Information provided:
* * * * *

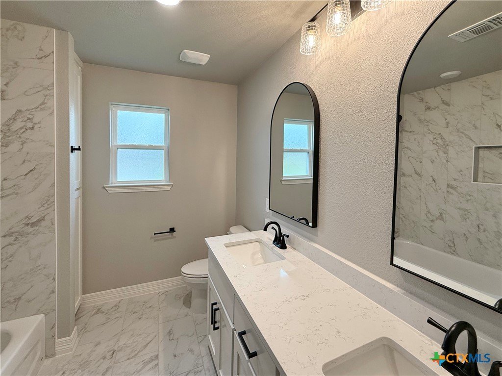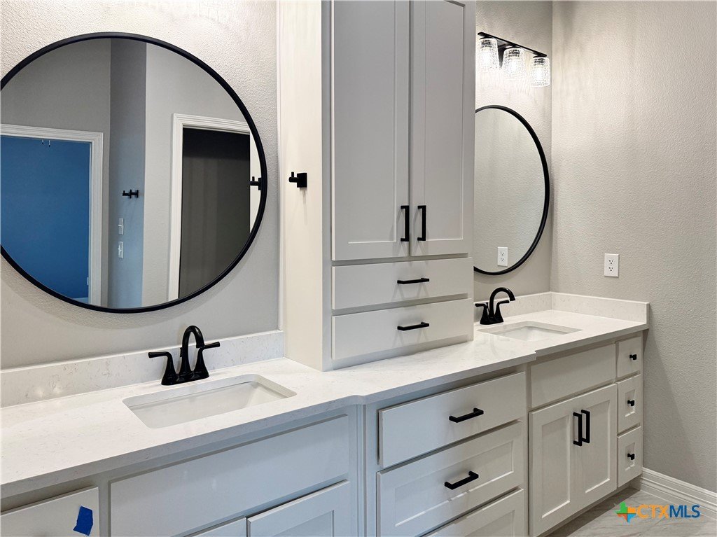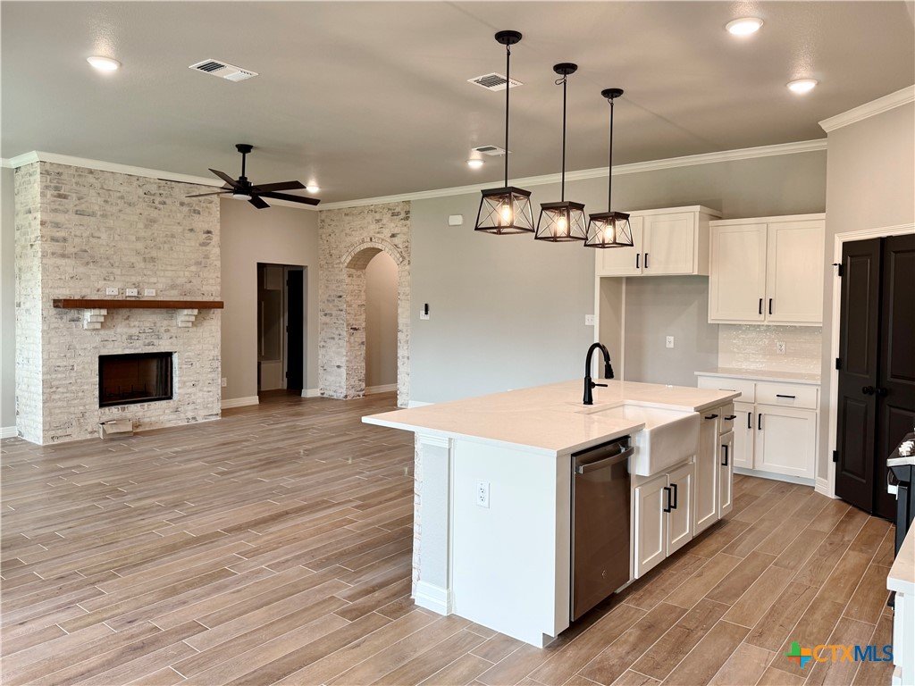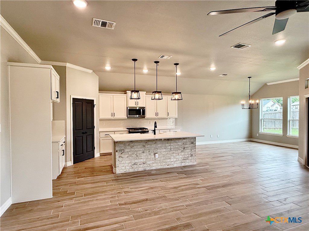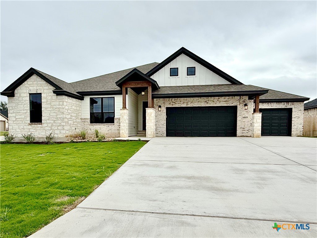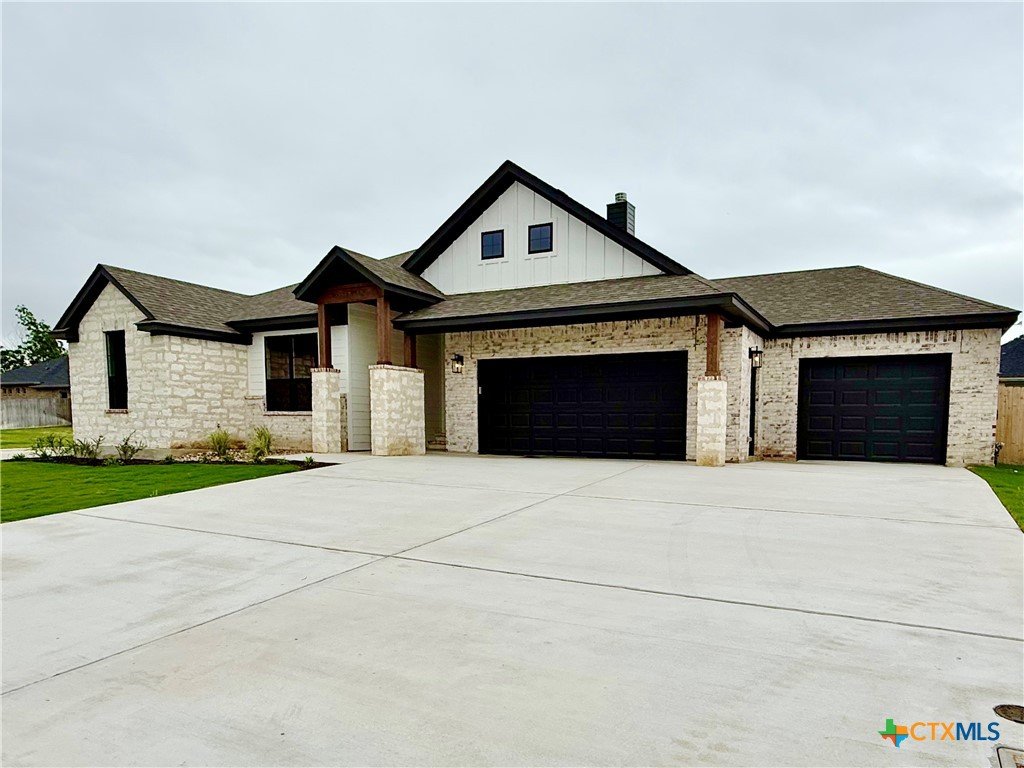 New 4Bd/2.5Ba home by Hodges Eagle Ridge Builders, Inc. in Bella Terra. Master suite has double vanities, large tiled shower and a walk-in closet, 4th bedroom could be study, mud area, crown molding, fireplace, quartz counters, island in kitchen with breakfast bar, pendant lights, farm sink, gas range, walk-in pantry, foamed insulation, interior brick accents, covered patio, 3 car attached garage, full sod/sprinkler, cedar accents, and privacy fence. Subdivision has park area and pool.
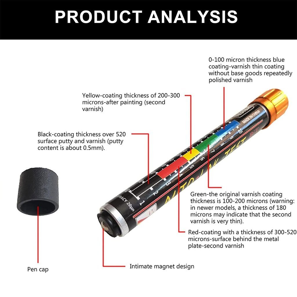 Caractéristiques : 1. Échelle de couleurs en microns. 2. Embout magnétique permettant une fixation sur toute surface courbe ou difficile d’accès. 3. Mesure de l’épaisseur du vernis et du mastic par simple contact de l’embout du testeur avec l’aimant de la surface à tester (surface propre et exempte de poussière). 4. Mesure l’épaisseur des vernis avec une précision de 20 microns. 5. Vérification rapide et précise de l’état de la peinture du véhicule. 6. Permet de détecter l’épaisseur des couches de peinture invisibles à l’œil nu sur les véhicules en tôle d’acier et en acier galvanisé. 7. Fonctionne sans piles. 8. Finition soignée. 9. Résistant à l’eau. 10. Haute précision et fiabilité. 11. Utilisation simple et pratique. Signification des différentes couleurs : Bleu : revêtement d’une épaisseur de 0 à 100 microns – fine couche de vernis (vernis sans sous-couche ou poli à plusieurs reprises). Vert : revêtement d’une épaisseur de 100 à 200 microns pour les vernis d’origine. Attention : sur les modèles de voitures récents, une épaisseur de 180 microns peut indiquer une fine couche de vernis secondaire. Jaune : revêtement d’une épaisseur de 200 à 300 microns – après réparations de peinture (« vernis secondaire »). Rouge : revêtement d’une épaisseur de 300 à 520 microns – surface après réparations de tôlerie et application d’un vernis secondaire. Noir : revêtement d’une épaisseur supérieure à 520 microns – surface mastiquée et vernie (épaisseur de mastic : environ 0,5 mm). Spécifications : État : 100 % neuf. Nom du produit : Testeur d’épaisseur de peinture. Matériau : ABS. Dimensions : 13,7 × 1,26 cm (environ). Haute précision et fiabilité. Utilisation facile. Contenu de l’emballage : 1 testeur d’épaisseur de peinture.
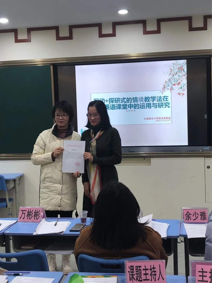 最后,大涌岚田小学万彬彬主任为课题负责人颁发立项证书,为本次两个课题的开题报告会画下圆满的句号。相信在各位专家的指导下,在学校领导的关心帮助下,全体课题组成员一定会克服困难,在课题研究中收获硕果。
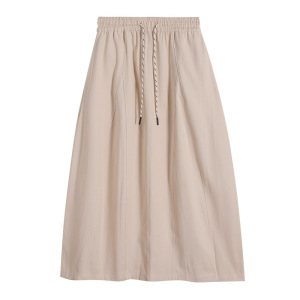 米白色工装半身裙女2025秋季新款高腰蓬松南瓜裙a字显瘦中长裙

* * * * *

Exercise directions: Starting with the line that contains "最后,大涌岚田小学万彬彬主任" and ending with the last line of the material, every line must be written out exactly; no other lines and no pictures are wanted.

Output of the exercise:
 最后,大涌岚田小学万彬彬主任为课题负责人颁发立项证书,为本次两个课题的开题报告会画下圆满的句号。相信在各位专家的指导下,在学校领导的关心帮助下,全体课题组成员一定会克服困难,在课题研究中收获硕果。
 米白色工装半身裙女2025秋季新款高腰蓬松南瓜裙a字显瘦中长裙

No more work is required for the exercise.